Authors: Jean S. MacLeod
“They have to be thinned.” He was gazing straight ahead, not wanting to discuss Calders. “I may sell the house.”
“Oh, surely not?” Helen couldn’t hide her genuine dismay at the idea. “It’s been in your family for three generations.”
“Which may be enough.” His voice was harsh. “I have no further use for it.”
“You’ll come by a use,” Helen persisted, in her forthright way. “I wouldn’t sell till I was sure, if I were you.”
He pushed the car to its full capacity without answering and they speeded north. Sarclet Head stood out, darkly pinnacled, as they veered inland over the moors, and soon the blue water of Hempriggs lay beside the road, still and calm, reflecting the sky, a captive, inland lochan among the hills.
Wick was busier than Helen had seen it for some time. She sat quietly now, looking about her, not wanting to talk. These were the streets she knew so well, the familiar shops, the people who were her people.
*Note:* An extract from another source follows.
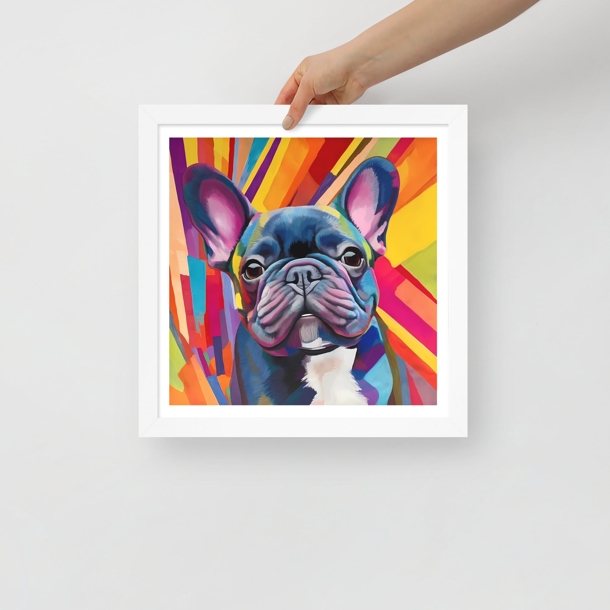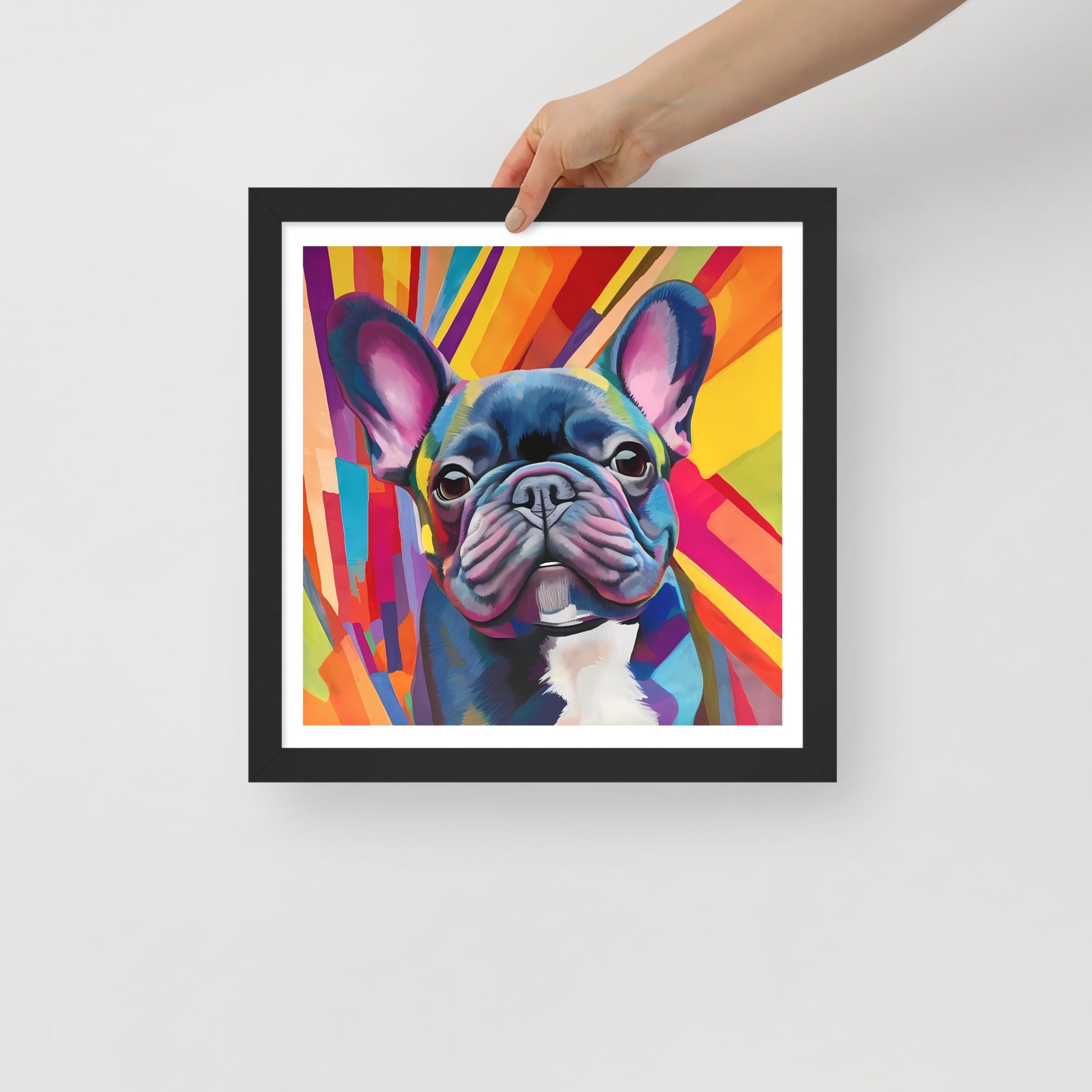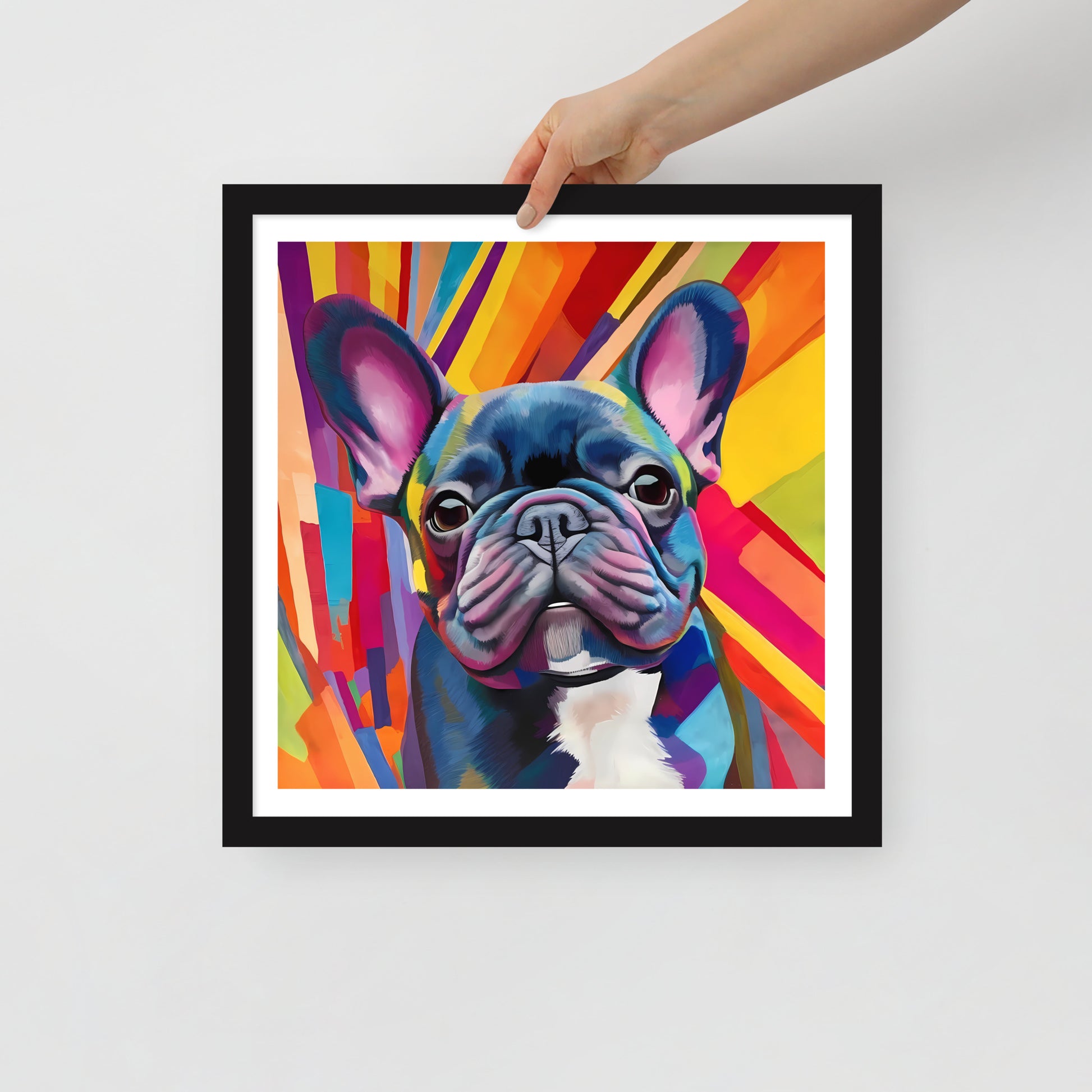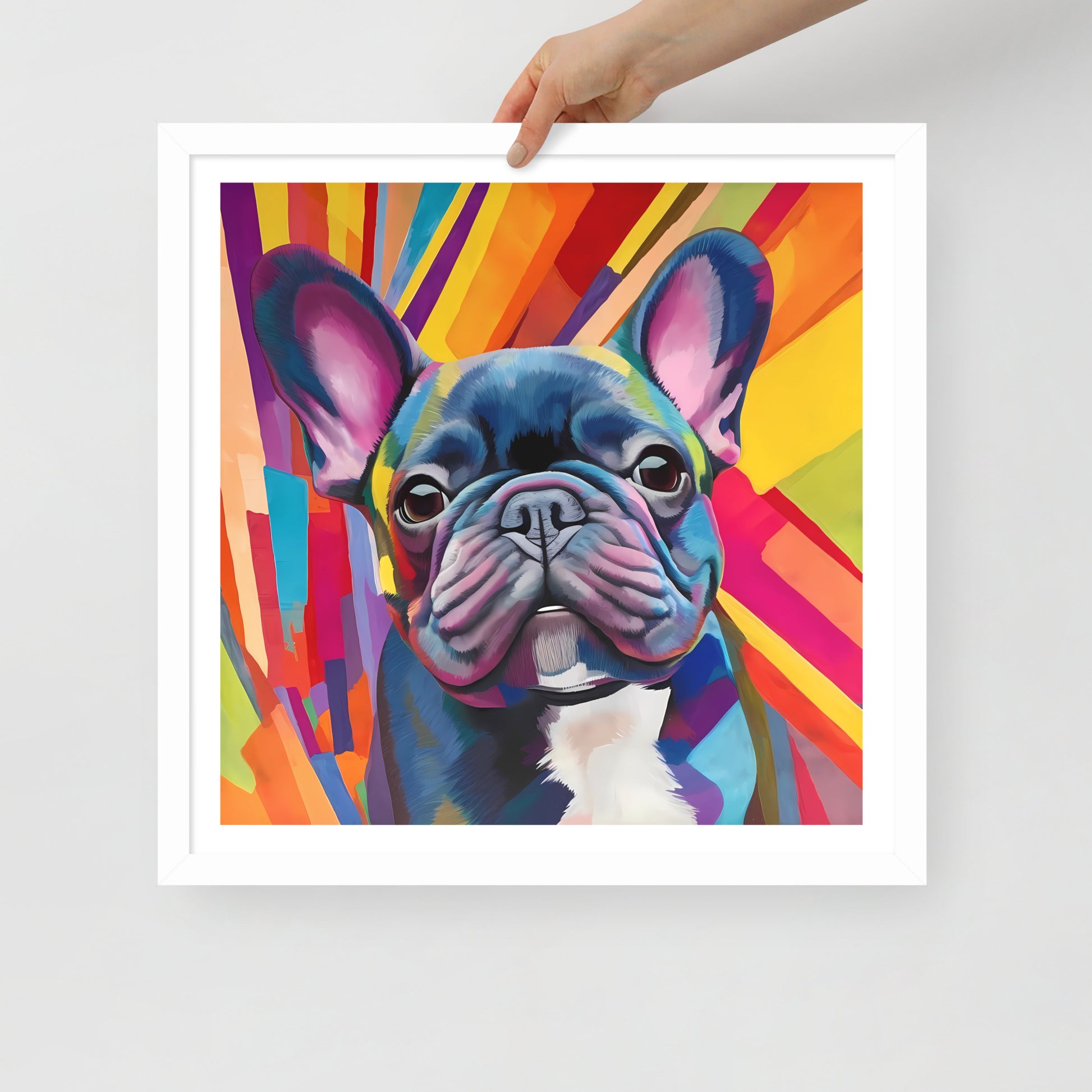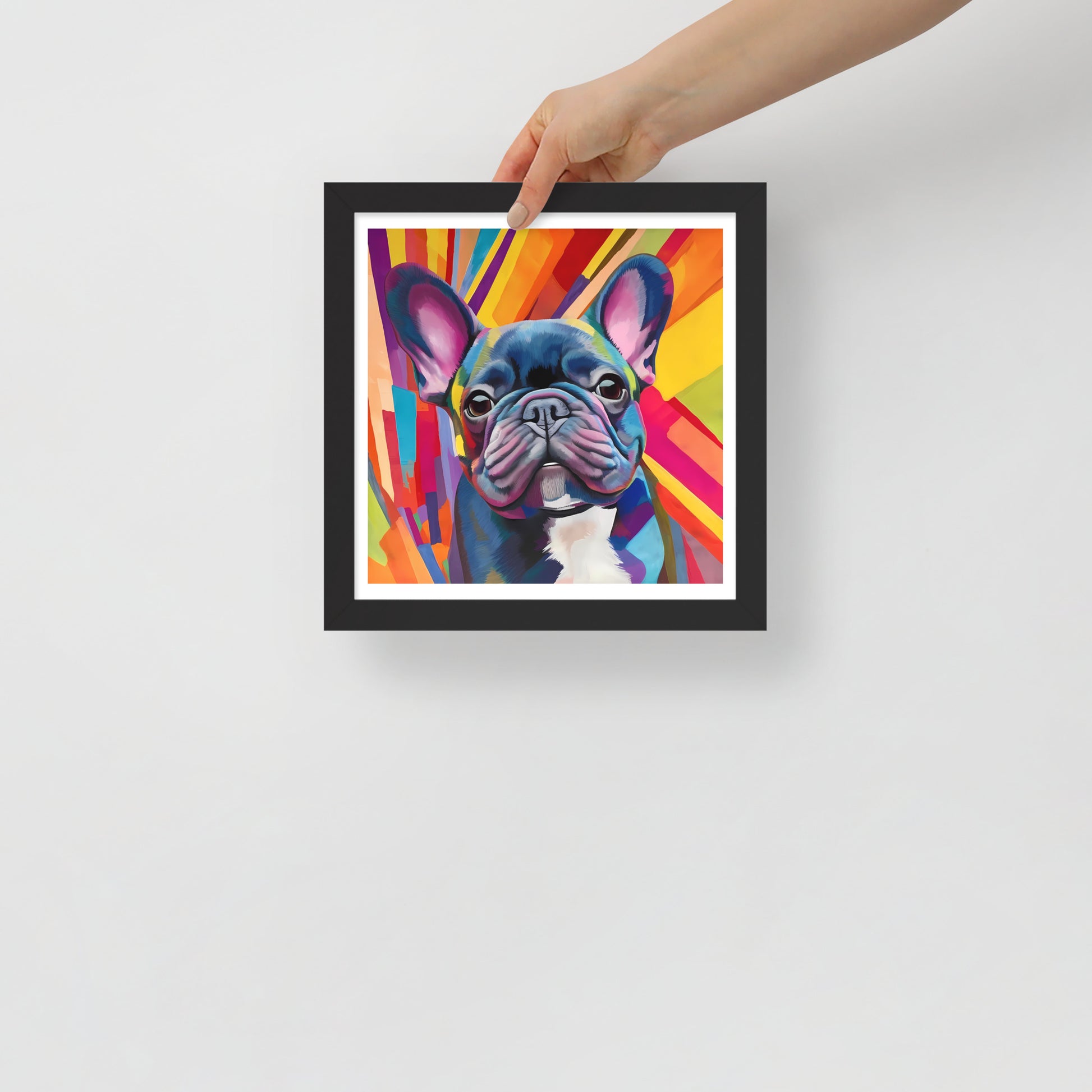 Introducing "Azure Abstraction," a framed artwork that is a true spectacle of chromatic charm. This piece features a blue French Bulldog, rendered in a cascade of radiant colors, its soulful eyes and playful demeanor brilliantly brought to life against an energetic backdrop of abstract lines and vibrant hues. The blue of the Frenchie is a calm epicenter in a storm of warm oranges, yellows, and cool purples, reminiscent of a kaleidoscope of dawn and dusk.

Had she come back among them for the last time?
Huntley drove straight to the hospital.
“I’ll wait,” he said in a tone which brooked no argument. Alison’s knees felt weak and she had to bite her teeth into her lower lip to keep it from trembling.
“Don’t worry, wee dear,” her mother said. “I’ll be as right as rain!”
A nurse met them at the door.
“Mrs. Christie? Will you come this way, please?” She looked at Alison. “Are you her daughter? Perhaps you’d like to see your mother settled in?”
The hardest bit was coming away with the suitcase. Huntley took it from Alison, putting it back into the car. He had been waiting an hour.
“Would you like to contact the Orbisters right away or will you come for some tea?” he asked.
“Perhaps I’d better try to contact Jim,” she decided.
He drove to the taxi office, only to find a young girl in charge. “Can I take a message?” she asked helpfully.
“No—I’ll come back. When do you expect Mr. Orbister in?”
“He’s gone to Thurso. He might be back about five.”
“No luck?” Huntley asked when she came out into the street again.
Alison shook her head.
“None, at the moment. Jim won’t be back till five.”
“Then come and have a cup of tea,” he suggested. “At least it will help to pass the time.”
“You must want to get home.” She stood irresolutely on the pavement. “I can walk about. It’s quite fine.”
He took her by the elbow, propelling her firmly towards the car.
“Stop talking nonsense! You know I can’t leave you like this.” He was no doubt irked by the necessity of looking after her, yet she didn’t want to be left alone. She clung to kindness, although it meant nothing. He could hardly leave her flat after coming all this way with her.
He parked the car in front of an hotel and they sat over their tea, looking down on the harbour. Like a chain of glowworms the lights on the North and South Heads pricked out, brilliant against the darkness of the sea. They said very little, neither of them feeling the need for speech. At five o’clock Huntley rose to pay his bill.
“Orbister ought to be back by now,” he suggested.
Jim’s taxi was parked outside the office door. When he saw Alison he looked surprised, then taken aback.
“You haven’t come to stay?” he asked in obvious confusion.
“My mother went into hospital this afternoon.” She felt dazed by his uncertain welcome. “I tried to phone you yesterday, but the line was dead. The only thing I could do was to come and hope everything would be all right.”
Jim smoothed his unruly fair hair into a semblance of order.
“It would have been, normally.” Suddenly he was looking beyond her at her companion. “But we’ll soon fix you up. Not to worry! Cathie went off to Invemaver for the week-end and she hasn’t come back yet. She’ll be home tomorrow, I expect.”
“Which means you’ve nowhere to spend the night,” Huntley interrupted, looking at Alison. “Let me fix something for you, or would you rather go home?”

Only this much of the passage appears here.